- Born: Leslie Matthew Heath 20 April 1972 (age 54) Oxford, England
- Occupations: Media personality, actor, musician

= Matt Heath (actor) =

New Zealand radio host

Leslie Matthew Heath is a New Zealand actor, producer, radio host, sports commentator, columnist and musician. He played Danny Parker on Back of the Y Masterpiece Television and Dick Johansonson in the feature film The Devil Dared Me To. He was guitarist and singer for the 2000s band Deja Voodoo. He has worked on shows for MTV2 in the UK and appeared on Eating Media Lunch. Heath previously hosted the Matt and Jerry Breakfast Show with Jeremy Wells on Radio Hauraki. He has been a columnist for The New Zealand Herald since June 2014 and provides cricket commentary for The Alternative Commentary Collective. Heath runs the motion graphics company Vinewood Animation Studios with Philip Brough. In 2018, he co-hosted The Moment with Mike Lane on TVNZ Duke throughout the 2018 Commonwealth Games. Heath is the author of a cookbook titled "The Best of Leslie's Kitchen".

== Personal life ==
Born on 20 April, Heath was given the first name Leslie as a tribute to his mother's favourite actor Leslie Nielsen.

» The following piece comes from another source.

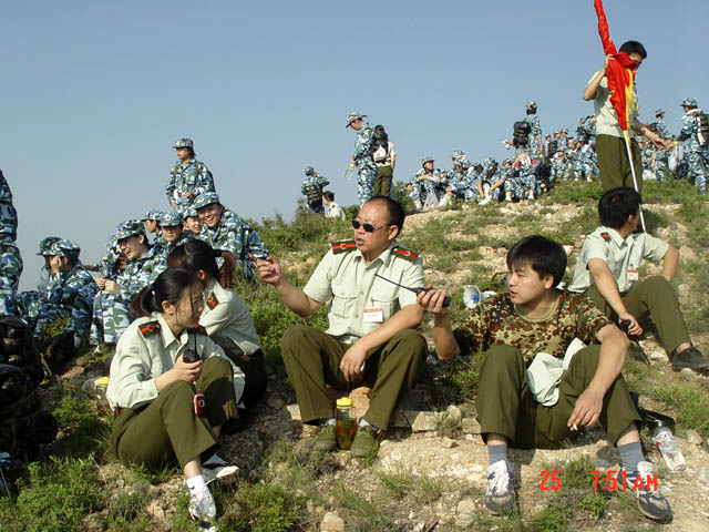 军训总指挥刘明奇和炮兵指挥学院训练部副部长郑垣模亲临现场指挥。

Co-host Jeremy Wells announced Heath's legal name on the Hauraki Breakfast Show, prompting Heath to acknowledge while his birth certificate says Leslie, he goes by the name Matt and would like an apology. As a result of this, several listeners of the breakfast show submitted parodied songs making fun of Heath's birth name.

In a Twelve Questions interview with the New Zealand Herald, Heath reveals his father Christopher Heath was in medicine, often referring to him as Doctor Heath during the Hauraki Breakfast radio show. Heath's mother taught languages at secondary level and he was the only boy in a family of 3 sisters.

Heath has two children, Charlie and Barry Heath, with Lani Purkis. In 2018, Heath mentioned on his radio show that he was no longer together with Purkis. They previously lived in the suburb of Mount Eden in Auckland.

== Television ==

Heath was a contestant in series 2 of Taskmaster NZ, a show hosted by his radio colleague, Wells. In 2023, Heath appeared on Guy Montgomery's Guy Mont-Spelling Bee. Heath also competed on the first series of The Traitors NZ, where he was named as one of the starting Traitors. He was banished in the fourth episode.